Let $R$ be a noncommutative ring with $1$. I need to show that for any $r\in R$ either $r$ or $1-r$ is left-invertible if and only if either $r$ or $1-r$ is a unit.
Proof. Indeed, if either $r$ or $1-r$ is a unit, then either $r$ or $1-r$ is left-invertible. Conversely, it suffices to show that every left-invertible element $r\in R$ is a unit. Let $r\in R$ be left-invertible. There exists $x\in R$ such that $xr=1$.
Case 1 . If $x$ is left-invertible, there exists $y\in R$ such that $yx=1$. Now, \begin{align} xr = 1 \implies yxr=y \implies r=y \implies rx=1. \end{align} Thus, $r$ is a unit.

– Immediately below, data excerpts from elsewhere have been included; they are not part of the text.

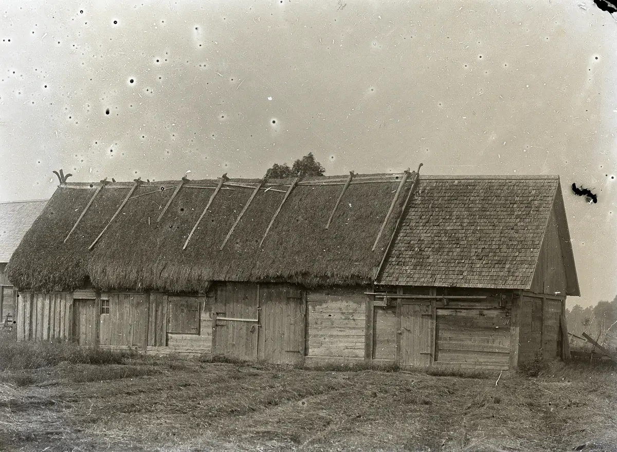Den lilla bulladugården kan nog vara byggd av Jakob Pettersson omkring 1860. Halmtaket har här börjat ersättas med spån. T v är det ett fähus med en hoimd t h med lucka, därefter lada, medan det är osäkert vad den högra tillbyggda buldelen varit nyttjad till. Längst t v skymtar bulladugården på Husarve mitt över vägen.
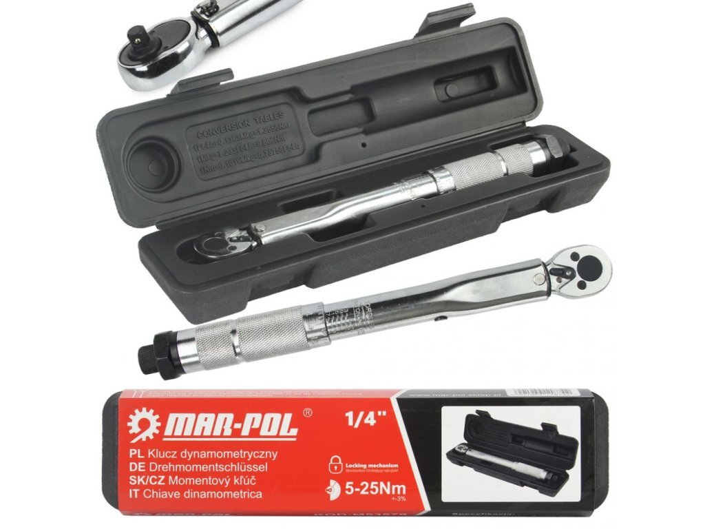 Momentový klíč profesionální polské značky Marpol 1/4" 5-25 Nm. Klíč je vyroben z vysoce kvalitní chrom-vanadové oceli (CrV).
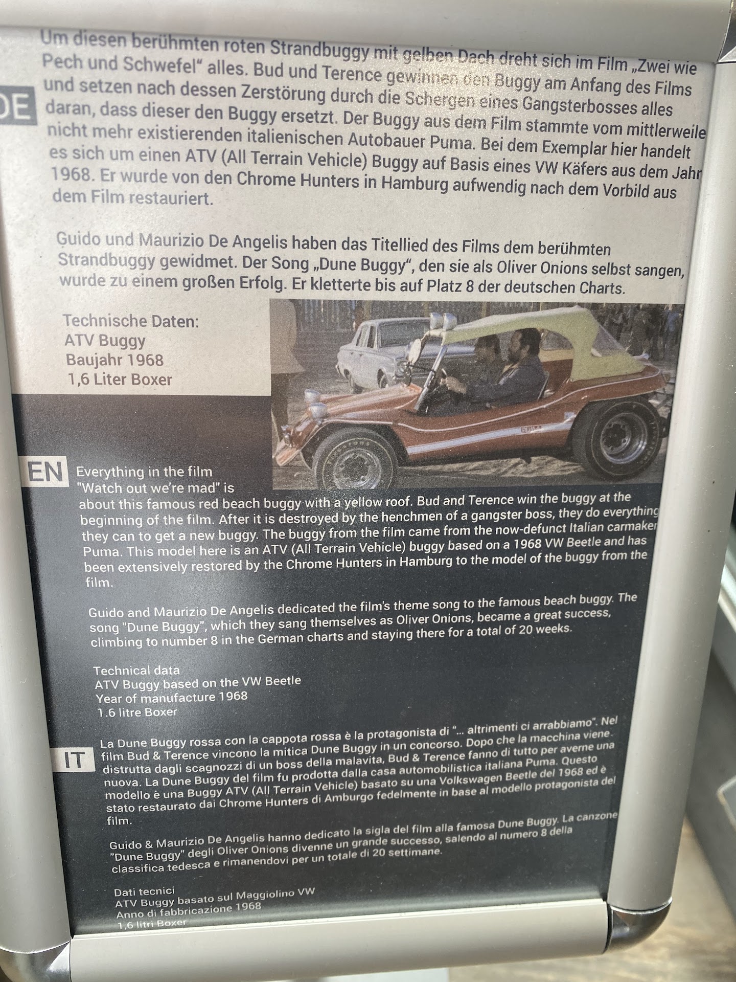 Neben der Ausstellung sind Fahrzeuge zu bestaunen und man kann sich dort in einem kleinen Kino nochmal von Bud selbst seine Geschichte erzählen lassen Also genau das richtige für jeden eingefleischten Fan.
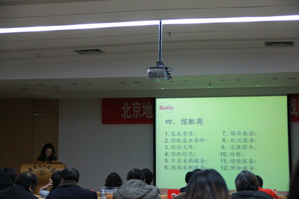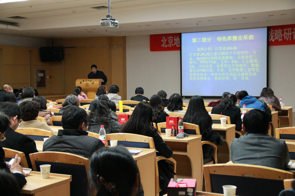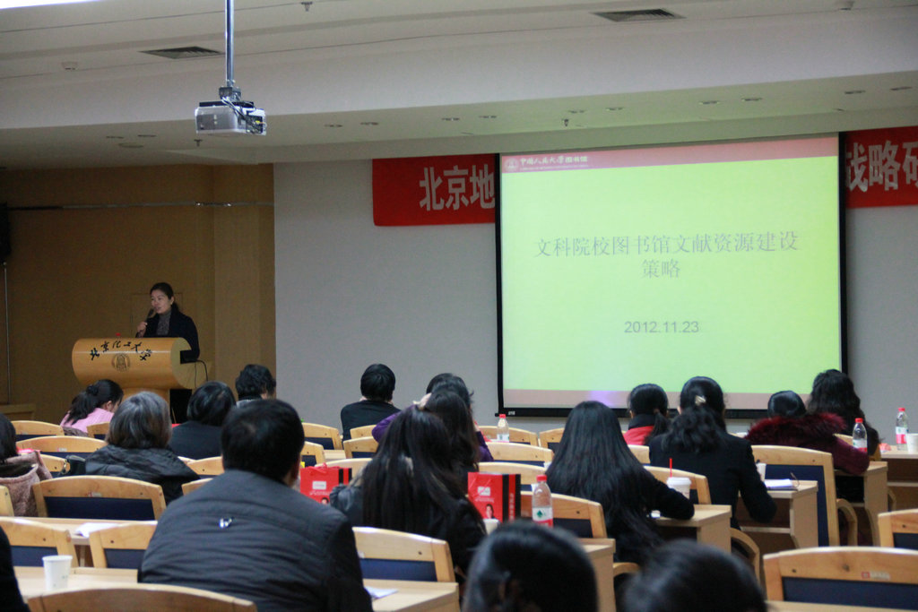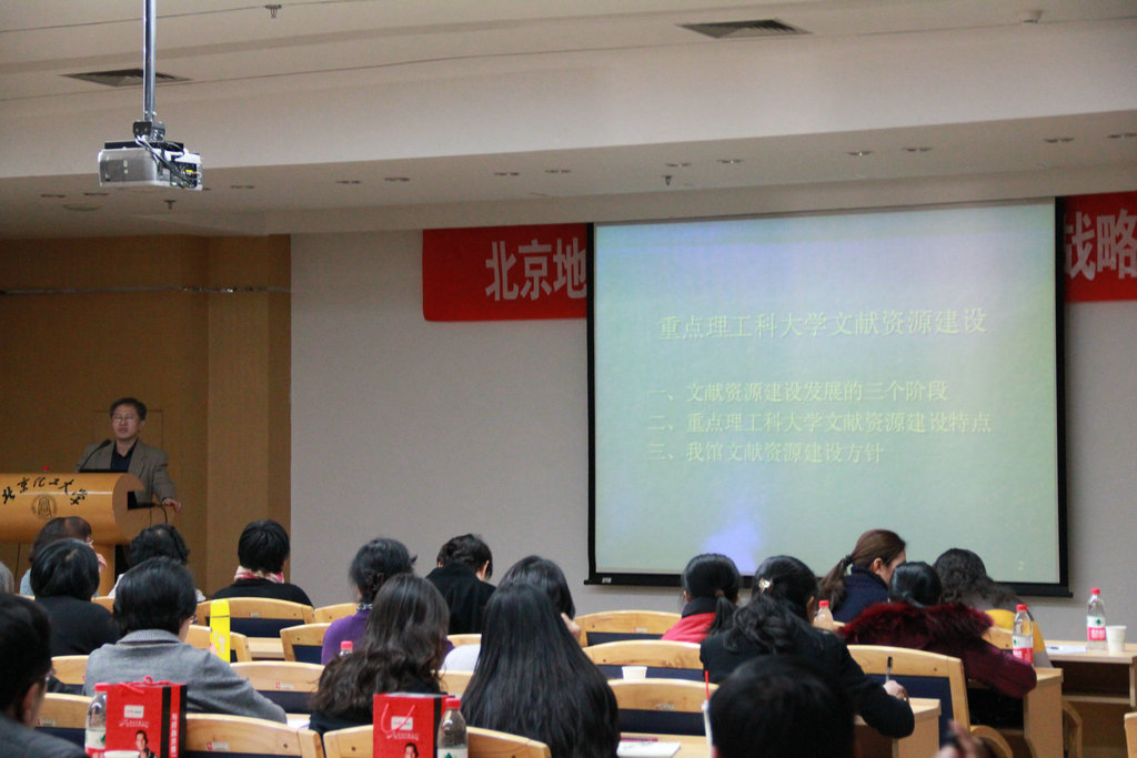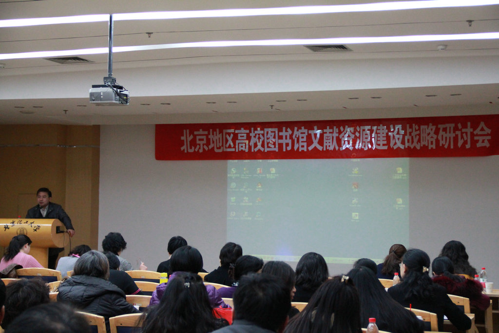 会议就中文图书馆配工作及文科、理工院校图书馆的文献资源建设策略进行研讨,同时介绍了文献资源服务平台软件。首都师范大学图书馆副馆长熊丽、中国人民大学图书馆副馆长刘春鸿、我校图书馆副馆长杨守文、及北京人天书店有限公司数字资源部技术总监滕敬合分别作了题为“《高校图书馆中文图书馆配工作指南》解读”、《文科院校图书馆文献资源建设策略》、《理工科院校图书馆文献资源建设策略》、《图书馆文献资源服务平台及相关软件》的报告。
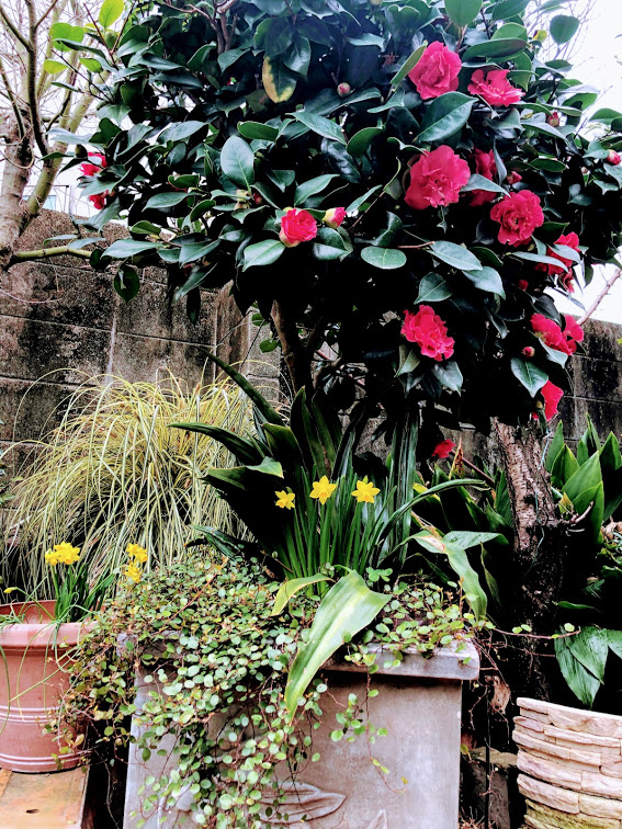 それでも3月の声を聞き2,3日雨が降ったので、ようやく花が咲き始めました。遅咲きの山茶花と黄水仙が白黒の世界に色づけして、裏庭に春の訪れを知らせてくれました。

Case 2. If $x$ is not left-invertible, it follows by the hypothesis that $1-x$ is left-invertible. Let $z\in R$ be such that $z(1-x)=1 \iff 1-z=-zx$. Notice that if $1-z$ is left-invertible, then so is $-zx$ which implies that $x$ is left-invertible, a contradiction. By the hypothesis, $z$ is left-invertible with left-inverse $z'$ (say). Hence, \begin{align} z(1-x) = 1 \implies z'z(1-x)=z' \implies 1-x=z' \implies zz'=1. \end{align} That is, $z$ is a unit with inverse $1-x$. Now, \begin{align} r=1r=z(1-x)r=zr-zxr=zr-z \implies z=(z-1)r. \end{align} Observe that if $r$ is a unit, then $z-1$ turns to be a unit and thus $1-z$ is left-invertible, a contradiction.
How is that ?!. This procedure shows that I can never get I need to prove ?!. Where is the trick in my proof ?!.
Thanks in advance.